Repeat exactly the lines that run from the start of the records below to the line with "NumberGenerator |-src |---main", including both of those lines but not the pictures.
* * * * * * * * *
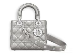 迪奥“Lady Dior”银色粒面触感皮革手提包 “Cannage”藤格纹缝线
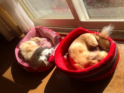 JUGEMテーマ:徒然なるままに。 今朝、ちょこっと外に出たら 雨上がりのように 地面が濡れていました。 それがみぞれ雪だったと 教えてもらったのは 昨日と同じ芝生からの帰りでした。 昨日と同じように お天気はよいのですが 山に雪が降っているように見えました。 大きいわんちゃんたちと 同じ芝生にいられて・・・ (といっても絡めませんが) いい経験になった2ぴきでした。 それからしばらく ダッシュさせていると 風が冷たくて 手袋が必要になりました。 ...
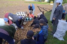 13 сентября учащиеся 6-11-х классов нашей школы совершили трудовой десант по уборке картофеля на пришкольном участке «Урожай в школу!».
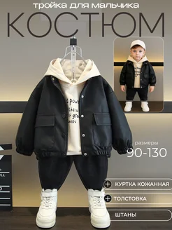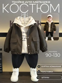 Костюм тройка детский с кожаной курткой и брюками,оверсайз
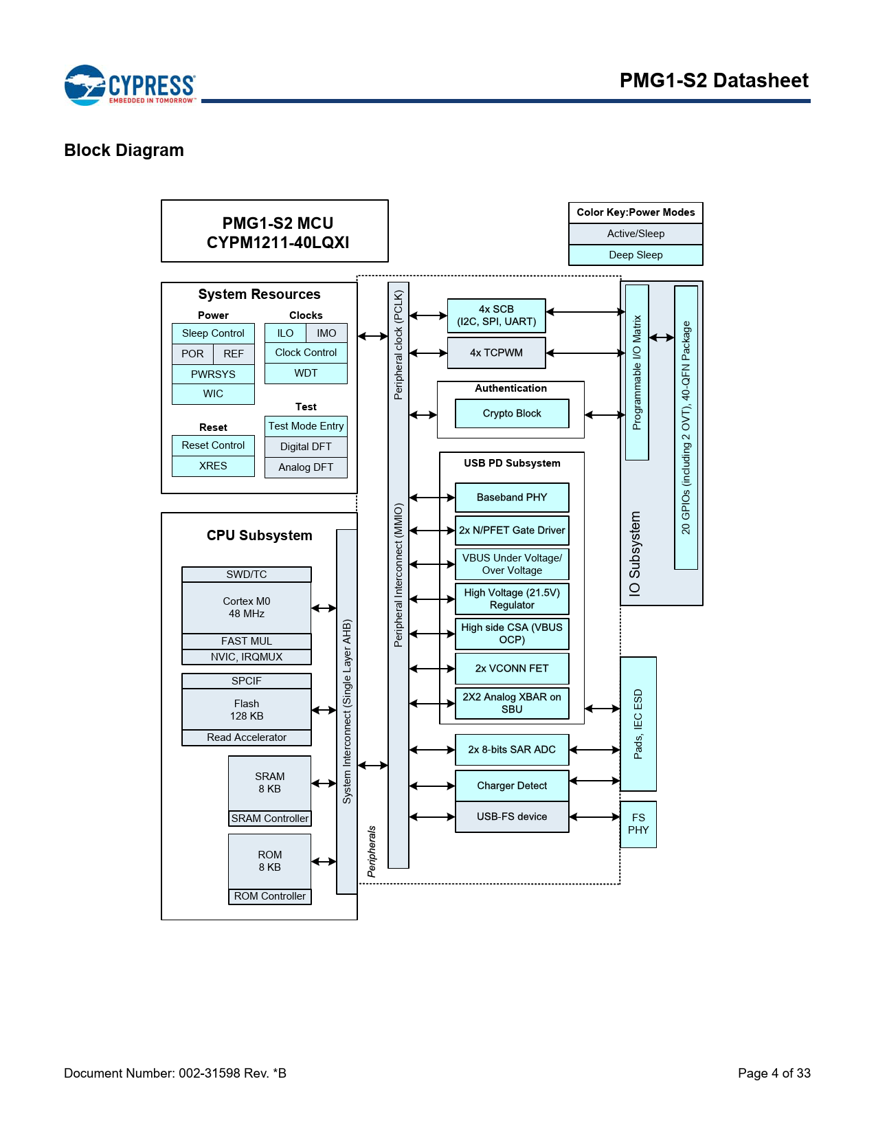 PMG1-S2 Datasheet Block Diagram Color Key:Power Modes PMG1-S2 MCU CYPM1211-40LQXI
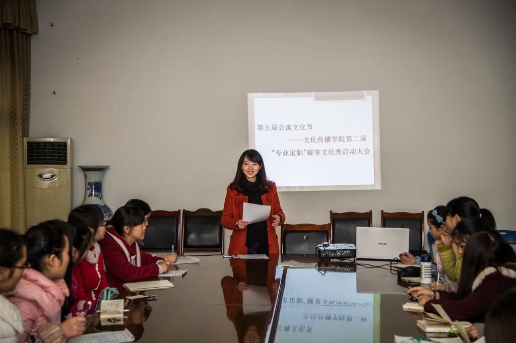 为响应学校第五届公寓文化节活动,12月15日,我院召开了第二届“专业定制”寝室文化秀启动大会。会议由学院分团委副书记孙艺钊主持,宿管委成员及各班生活委员出席大会。
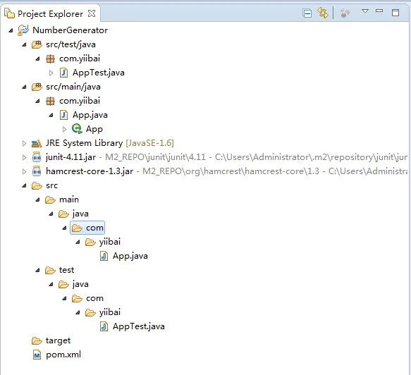 NumberGenerator |-src |---main |-----java |-------com |---------yiibai |-----------App.java |---test|-----java |-------com |---------yiibai |-----------AppTest.java |-pom.xml
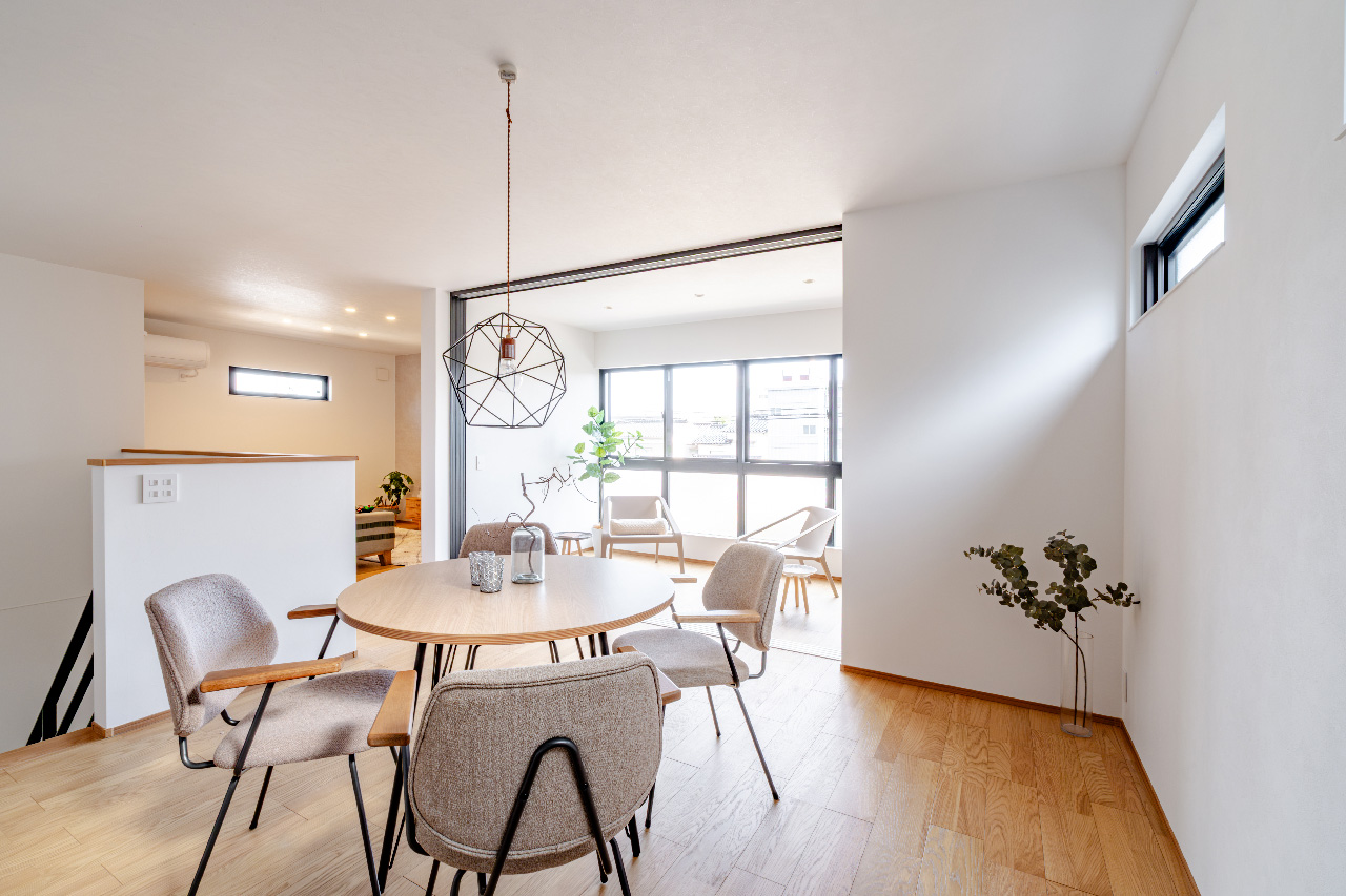 LDK約22帖の空間で、リビングとダイニング空間をしっかり棲み分け。それぞれの空間を愉しめる。
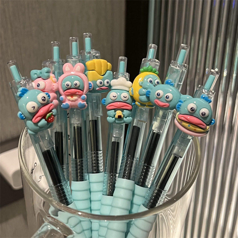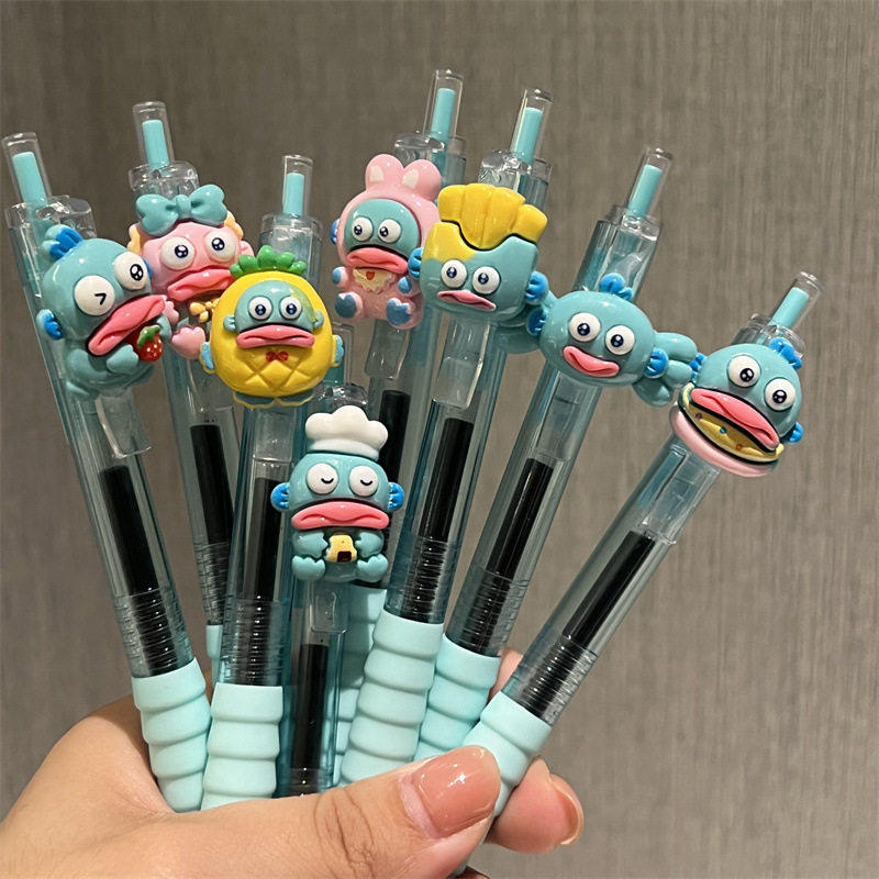 个性创意高颜值学生用刷题笔按动笔卡通可爱少女心丑鱼汉顿中性笔
* * * * * * * * *
[OUTPUT FOR THIS EXERCISE]
 迪奥“Lady Dior”银色粒面触感皮革手提包 “Cannage”藤格纹缝线
 JUGEMテーマ:徒然なるままに。 今朝、ちょこっと外に出たら 雨上がりのように 地面が濡れていました。 それがみぞれ雪だったと 教えてもらったのは 昨日と同じ芝生からの帰りでした。 昨日と同じように お天気はよいのですが 山に雪が降っているように見えました。 大きいわんちゃんたちと 同じ芝生にいられて・・・ (といっても絡めませんが) いい経験になった2ぴきでした。 それからしばらく ダッシュさせていると 風が冷たくて 手袋が必要になりました。 ...
 13 сентября учащиеся 6-11-х классов нашей школы совершили трудовой десант по уборке картофеля на пришкольном участке «Урожай в школу!».
 Костюм тройка детский с кожаной курткой и брюками,оверсайз
 PMG1-S2 Datasheet Block Diagram Color Key:Power Modes PMG1-S2 MCU CYPM1211-40LQXI
 为响应学校第五届公寓文化节活动,12月15日,我院召开了第二届“专业定制”寝室文化秀启动大会。会议由学院分团委副书记孙艺钊主持,宿管委成员及各班生活委员出席大会。
 NumberGenerator |-src |---main |-----java |-------com |---------yiibai |-----------App.java |---test|-----java |-------com |---------yiibai |-----------AppTest.java |-pom.xml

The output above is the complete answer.